Book Review: The Heart’s Invisible Furies
1945: Cyril Avery is born to an unmarried mother, Catherine, amidst much drama. He is not an Avery at that stage, of course. That will only come when he is adopted by a wealthy couple who remind him at every available opportunity that he is not a ‘real’ Avery, and whose manipulations of the law and dramatic tendencies add much humour to the early section of the novel.
Catherine, meanwhile, is working as a tea-lady in the Irish houses of parliament; her path will cross with Cyril’s many times over the forthcoming years. Cyril discovers at an early age that he is attracted to boys, most especially his best friend Julian, and in an utterly glorious sequence, confesses this in excruciating detail to a priest when he’s fourteen years old (the priest collapses in shock before he has time to advise what the appropriate penance for yearning after another boy’s ‘thing’ might be).

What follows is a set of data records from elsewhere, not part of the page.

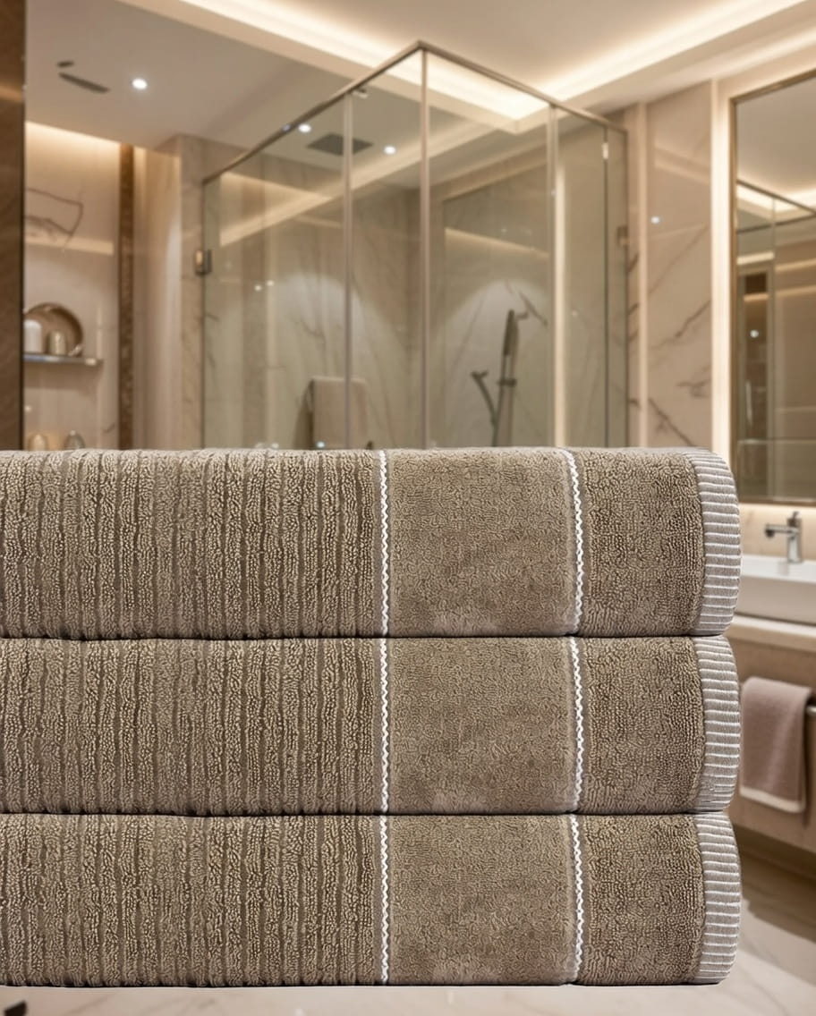 Komplet 3- Ręczników Bawełnianych 70x140 cm. 470 gsm Taupe Teo-10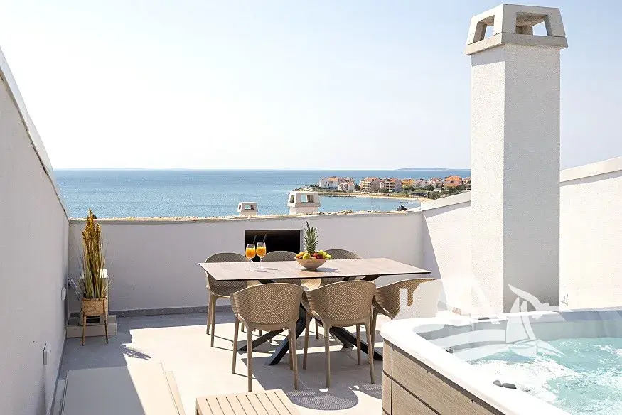 Dominantou celé nemovitosti je soukromá střešní terasa, která vytváří prostor, kam se budete vracet každý den. Výhled na otevřené moře, dostatek soukromí a vlastní vířivka dávají tomuto místu charakter, který se běžně nehledá, ale když ho jednou zažijete, nechcete o něj přijít. Je to místo pro klid, setkání i chvíle, které si člověk pamatuje.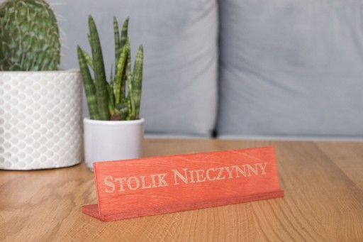 Drewniana tabliczka przymocowana do solidnej podstawki z wyraźnym grawerowanym napisem Stolik Nieczynny.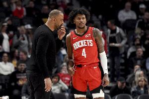 本場比賽,杰倫-格林出戰(zhàn)30分鐘,8中3,其中三分2中0,罰球3中2,得到8分4籃板1助攻1封蓋,正負值-6。他系列賽連續(xù)5場命中率低于40%,也是本系列賽第4次得分未上雙,他得分未上雙的比賽,火箭全負。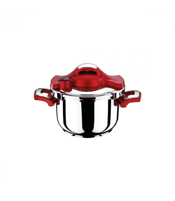 304 Kvaliteta 18/10 Cr.Ni. Tijelo od nehrđajućeg čelika Poklopac Galaxy Matic sa sustavom zaključavanja poklopca u 4 točke Bakalitne bočne ručke za vizualni integritet Polirane vanjske površine koje su pažljivo polirane Indukcijsko dno za korištenje u svim vrstama peći Boja Offset Box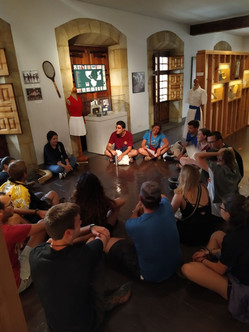 En el Euskal Herria Museoa nos separamos en dos grupos. En el museo nos acercan de una manera muy dinámica los deportes rurales tradicionales que se practican en el País Vasco y los instrumentos musicales comunes de la región. Además de introducirnos a los principales personajes mitológicos de sus bosques y dejarnos con ganas de más. Aunque por el momento nos tendremos que conformar con ver a Toño acarrear dos ‘txingas’ de siete kg cada una cuesta arriba y abajo. Una competición de sokatira a continuación será el cierre de la visita tras la cual nos dispersamos.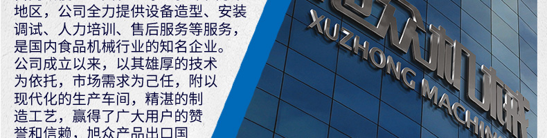 廣州旭眾食品機械有限公司是一家集科研開發(fā),生產設計,營銷服務為一體的現(xiàn)代化生產企業(yè)?,F(xiàn)代化生產車間,精湛制造技術,所產機械歷經市場重重考驗,不斷贏得海內外客戶的贊譽。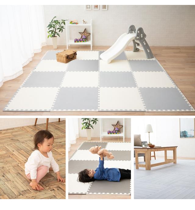 ジョイントマット 大判 3畳 60cm 16枚 おしゃれ サイドパーツ付 ケガ 防止 保護 安全 安心 防音 保温 耐水 軽量 北欧 フロアマット プレイマット キッズマット ベビーマット ジョイント マンション ベビー キッズ 子ども 赤ちゃん 新生活 ギフト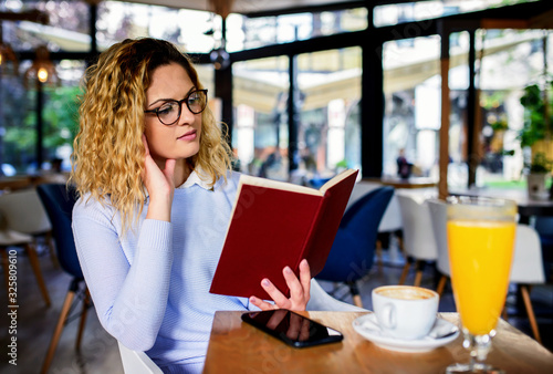 Young woman reading a book in the cafe. Education, lifestyle concept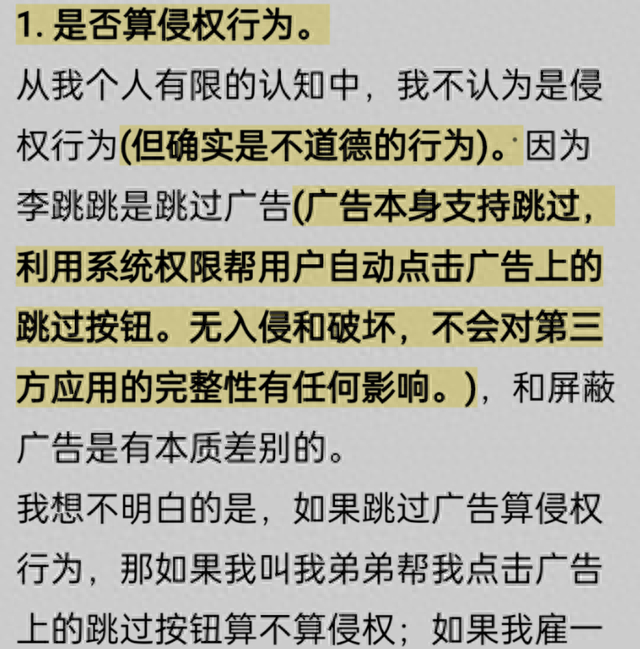 开发者也表示,自己这样的行为,客观上确实可能导致某大厂广告收入减少,但并不涉及侵权,仅仅是不道德的行为。“到头来李跳跳没有了,部分厂商不规范、不合理的行为却依旧存在。如果所有厂商都把开屏广告上的跳过按钮,做成全屏跳过,那需要使用李跳跳的用户还会有多少呢?”开发者介绍,自己公益开发该软件的初衷,还是因为厂商强制开屏广告时不规范设置跳过按钮的问题,但如今厂商仅想着解决开发者,而不想着规范自己的广告行为。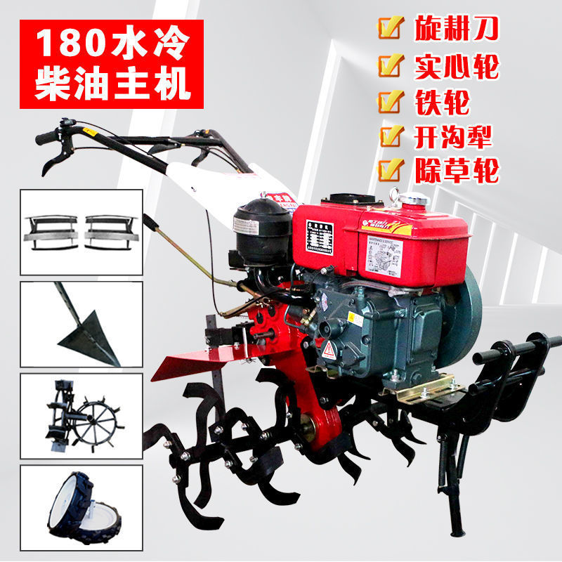 • 180 수냉식 디젤 + 회전 경운기 + 고무 및 철제 쟁기 제초 - [한정 기간 동안 무료 엔진 오일, 8열 회전 경운기, 고급 모델]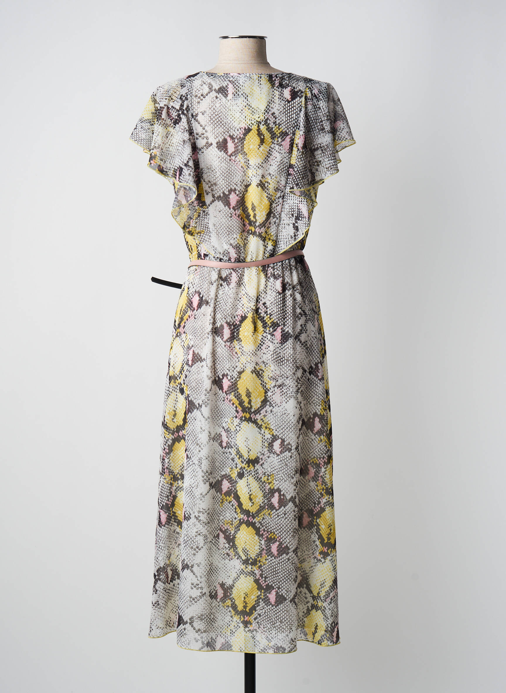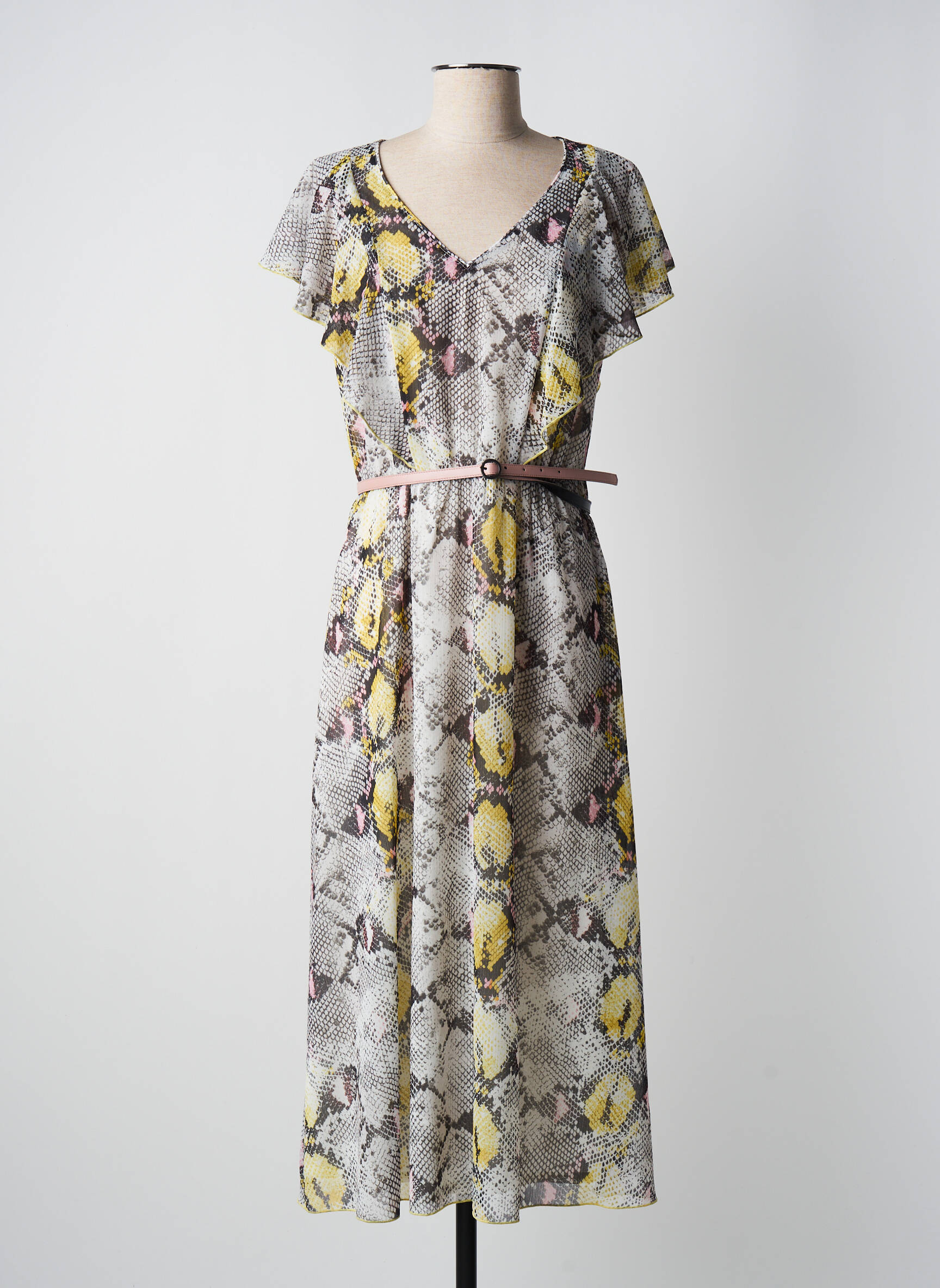 Rochie Lungă Divas Galben Mâneci Scurte
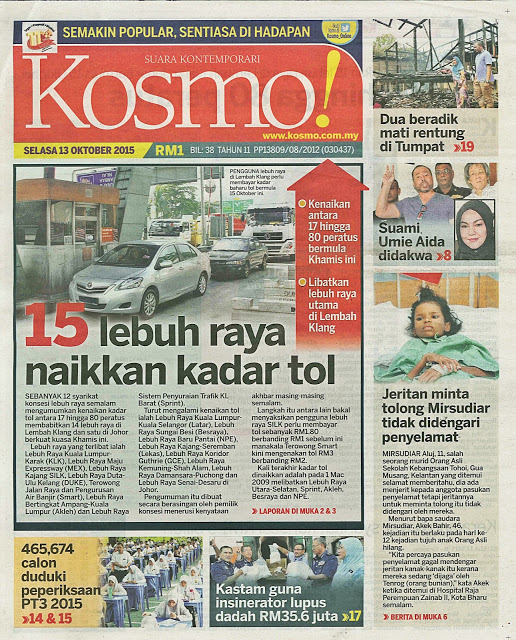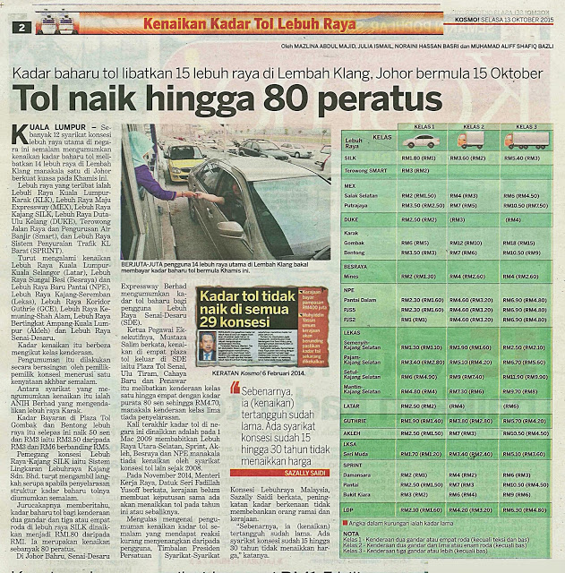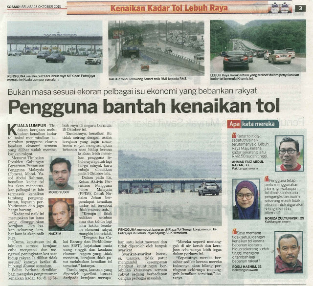 2887) KOSMO – 13/7/2015 – PENGGUNA BANTAH KENAIKAN TOL, BUKAN MASA YANG SESUAI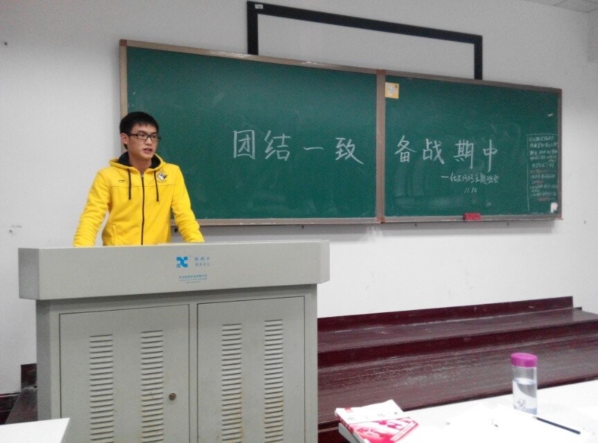 11月10日,双11前,星期一晚,化工1303班学生在教学中楼308室举行了“团结一致,备战期中”动员大会,会议由工三班学习委员王红元主持召开。会议流程比较简单,首先是王红元明确了一下期中考试在各学科中占的分值比例,以此引起同学们的重视及提高同学们备战期中的积极性。然后是由学霸陈妍如等同学交流自己的学习和复习经验。显然同学们对学霸们的学习经验和方法比较感兴趣,这个时候都很注意凝听,并对自己有帮助的经验方法做了记录。最后自由发言的时候,同学们交流了一下平时自己自习的地点,总结出来适合学习的地点是复临舍,中楼和东楼,而图书馆和综合楼分别都被考研党和大三大四党给攻占了,其他三栋楼学习环境相对宽松自由。

Each section is set seven years after the next, and we watch Cyril grow up – get involved with a woman, leave the country, fall in love, witness the death of AIDS victims, experience loss, and finally return home to a much-changed Ireland. But is it too late for him? The final section is set immediately after the marriage equality referendum of 2015; Cyril is seventy now and looks backwards, rather than forwards.
What does it mean to be a gay man in Ireland – and the world – and how has that changed over the years? It’s one of many questions the novel asks, but it does so by taking us on what might be described as a glorious, dramatic, funny and heart-breaking romp. I really, really enjoyed it.